Data to process:
* * * * *
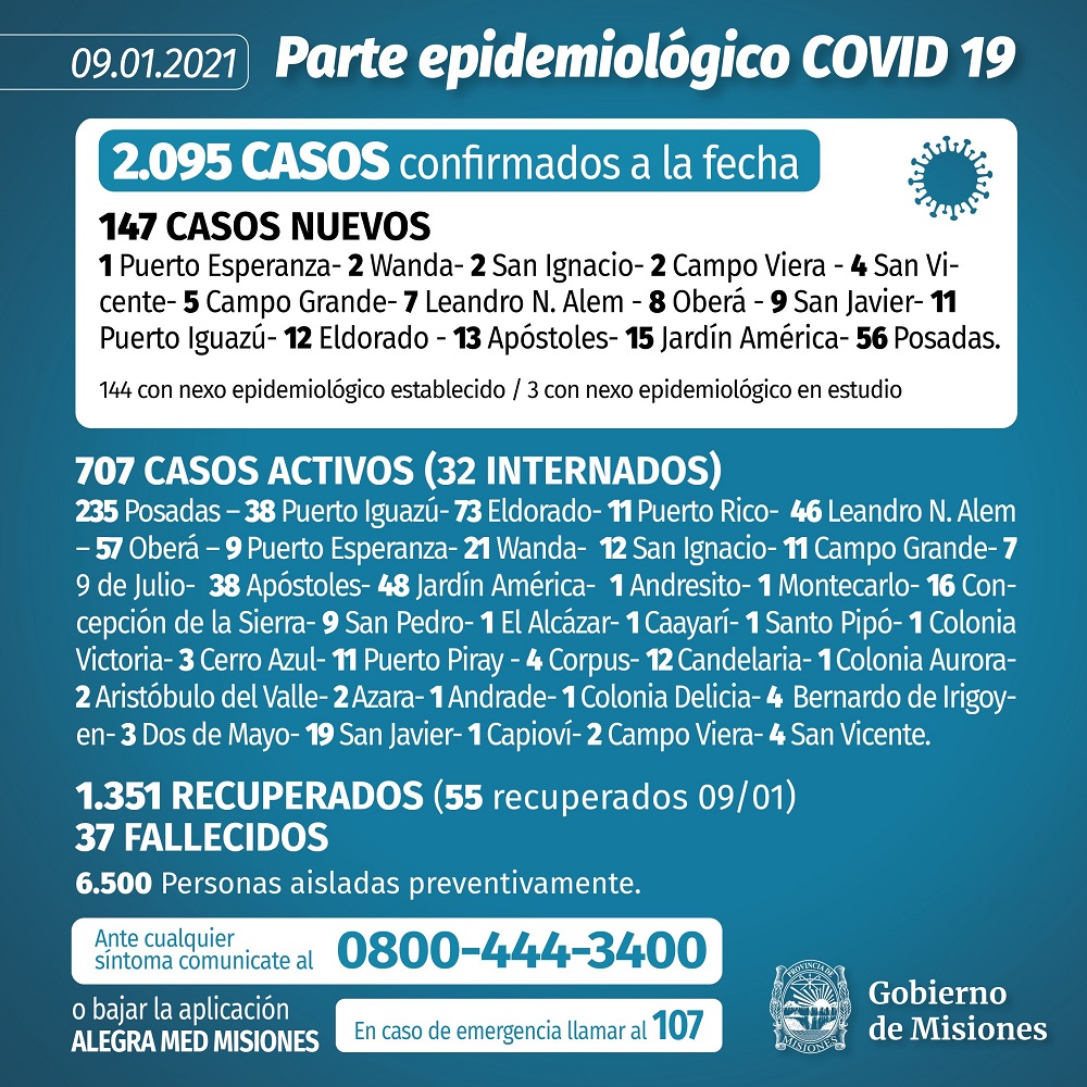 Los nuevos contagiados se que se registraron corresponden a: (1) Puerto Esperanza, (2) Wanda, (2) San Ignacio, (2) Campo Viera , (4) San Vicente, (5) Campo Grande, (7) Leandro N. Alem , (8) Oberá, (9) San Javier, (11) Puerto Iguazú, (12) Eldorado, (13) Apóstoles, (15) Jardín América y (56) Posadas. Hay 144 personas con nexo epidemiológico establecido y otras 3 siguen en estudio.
* * * * *
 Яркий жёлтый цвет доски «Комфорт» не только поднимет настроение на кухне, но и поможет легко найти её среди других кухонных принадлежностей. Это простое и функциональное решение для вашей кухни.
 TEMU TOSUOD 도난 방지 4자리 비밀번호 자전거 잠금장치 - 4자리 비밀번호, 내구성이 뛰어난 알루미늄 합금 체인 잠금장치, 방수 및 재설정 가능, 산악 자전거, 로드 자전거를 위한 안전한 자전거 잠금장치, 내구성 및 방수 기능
* * * * *
Task goal: Copy the entries above exactly, but only from the line holding "Яркий жёлтый цвет" through the line holding "TEMU TOSUOD 도난", both included.

Result of this task:
 Яркий жёлтый цвет доски «Комфорт» не только поднимет настроение на кухне, но и поможет легко найти её среди других кухонных принадлежностей. Это простое и функциональное решение для вашей кухни.
 TEMU TOSUOD 도난 방지 4자리 비밀번호 자전거 잠금장치 - 4자리 비밀번호, 내구성이 뛰어난 알루미늄 합금 체인 잠금장치, 방수 및 재설정 가능, 산악 자전거, 로드 자전거를 위한 안전한 자전거 잠금장치, 내구성 및 방수 기능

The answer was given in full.